[Portrait Conso] Qui sont les "Tanguy" ?
Publié par AMELLE NEBIA le - mis à jour à
Une personne sur dix, entre 25 et 44 ans, vit encore chez ses parents. Qui sont ces enfants qui ne quittent pas le nid ? Après le premier épisode sur "Les barbus", découvrez le décryptage d'Ipsos. Deuxième épisode de "Portraits de consommateurs", une rubrique imaginée par Marketing avec Ipsos
Après un premier portrait dédié au phénomène des barbus, découvrez les "Tanguy"...
Étienne Chatiliez, scénariste et réalisateur du film Tanguy, sorti en 2001, avait-il anticipé la réalité des jeunes d'aujourd'hui ?
Les trentenaires dans dix ans seront-ils tous devenus des "Tanguy" ? Des questions qui paraissent farfelues, à première vue, mais qui ne le sont pas tant que ça. En effet, parmi les adultes de 25 à 44 ans, une personne sur dix, aujourd'hui, vit encore chez ses parents. Surtout, cette proportion progresse régulièrement depuis 2010.
Il y avait 6 % de "Tanguy" en 2010, 8 % en 2012 et... 10 % en 2014 (1).
À y regarder de plus près, la galaxie des jeunes restés à la maison est plus complexe. Parmi ces 25-44 ans qui prolongent leur séjour au domicile familial, la moitié est en réalité des "boomerangs". Ils pensaient avoir définitivement quitté le foyer parental mais ils ont été rattrapés par des difficultés personnelles : rupture, divorce, chômage... Ce qui les différencie aux "Tanguy" qui, eux, n'ont jamais quitté le nid. Cette situation de "boomerang kids" est d'ailleurs plus répandue qu'il n'y paraît. Dans la tranche d'âge des 25-44 ans, un tiers déclare être déjà revenu habiter chez ses parents à un moment de sa vie. En outre, une proportion similaire envisage que cela pourrait lui arriver un jour.
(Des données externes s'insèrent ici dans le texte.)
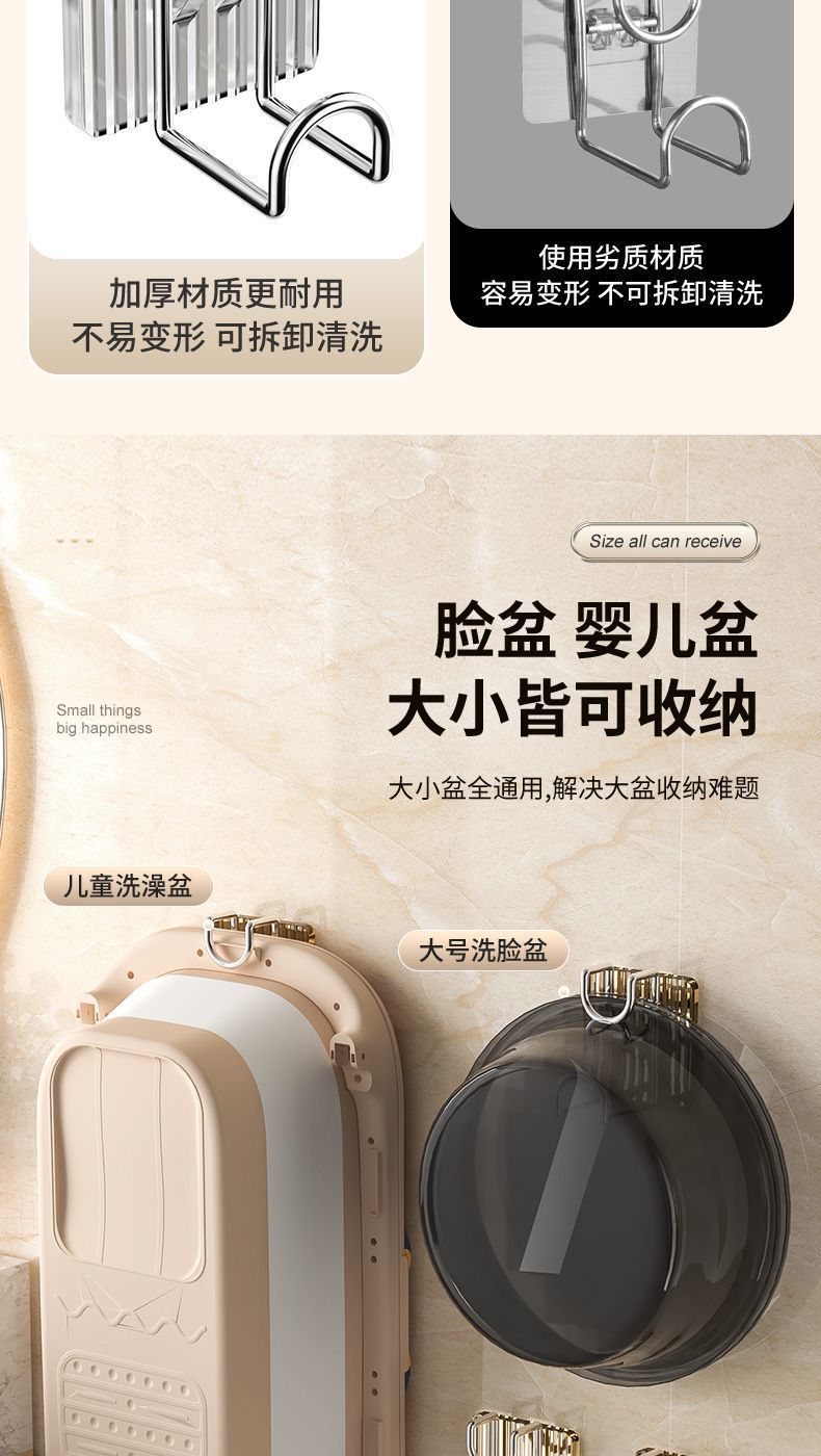 【9.9/任选2件,少拍不发货!】不锈钢脸盆挂钩免打孔脸盆架宿舍洗脸盆置物架卫生间浴室收纳
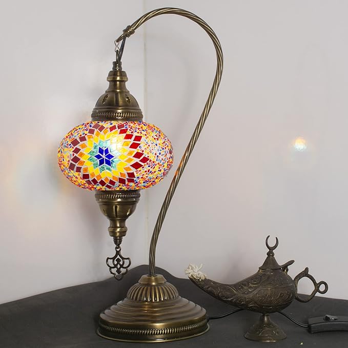 - HANDMADE SWAN NECK: Glass pieces for the mosaic sphere are cut one by one and combined with the mosaic globe. The metal body has been melted and shaped at high temperatures. The metal tube is bent to take the shape of a swan neck and it is given an antique look. Thanks to its aesthetic appearance, it will make a difference in your living room compared to standard table lamps. Turkish lamps will be a great decor that will combine vintage and modern styles.

Derrière ces phénomènes, une tendance lourde : l'âge moyen de départ du domicile familial avance d'année en année, tandis que les faux départs sont légion. Beaucoup sont tentés de voir là un changement conjoncturel, directement lié à la crise (précarité, problèmes de logement, etc.). Mais l'émergence de cette nouvelle génération de "Tanguy" et de "boomerangs" dit aussi autre chose sur l'évolution de notre société. Cette cohabitation prolongée avec les parents reflète l'évolution des relations entre les générations. Aujourd'hui, les valeurs des jeunes et celles de leurs aînés sont de moins en moins antagonistes.
De plus en plus de parents et d'enfants considèrent qu'il n'y a pas de fossé de valeurs entre eux, mais, au contraire, beaucoup de complicité et de dialogue.
Une société adolescente
Or, il y a encore peu, les jeunes étaient impatients de quitter le giron familial et de devenir indépendants. Mais la principale explication réside peut-être dans le fait que nous vivons dans une société de plus en plus adolescente. La condition d'adulte a longtemps été marquée par l'accès à un emploi stable et à un logement ou par la mise en couple. Or ces étapes sont devenues de plus en plus floues et de moins en moins définitives. L'effet "cliquet" qui les caractérisait n'existe plus : les marqueurs de l'indépendance sont de plus en plus fragiles et remis en cause. Reprise des études, perte d'autonomie financière, retour au célibat ou au domicile des parents : ces situations se banalisent. Jusque-là cantonnées à l'adolescence, elles sont aujourd'hui le lot de tout un chacun, reflet d'une société où l'on ne finit jamais de se construire.
(1) Ipsos, Observatoire des modes de vie et de consommation des Français, 2014.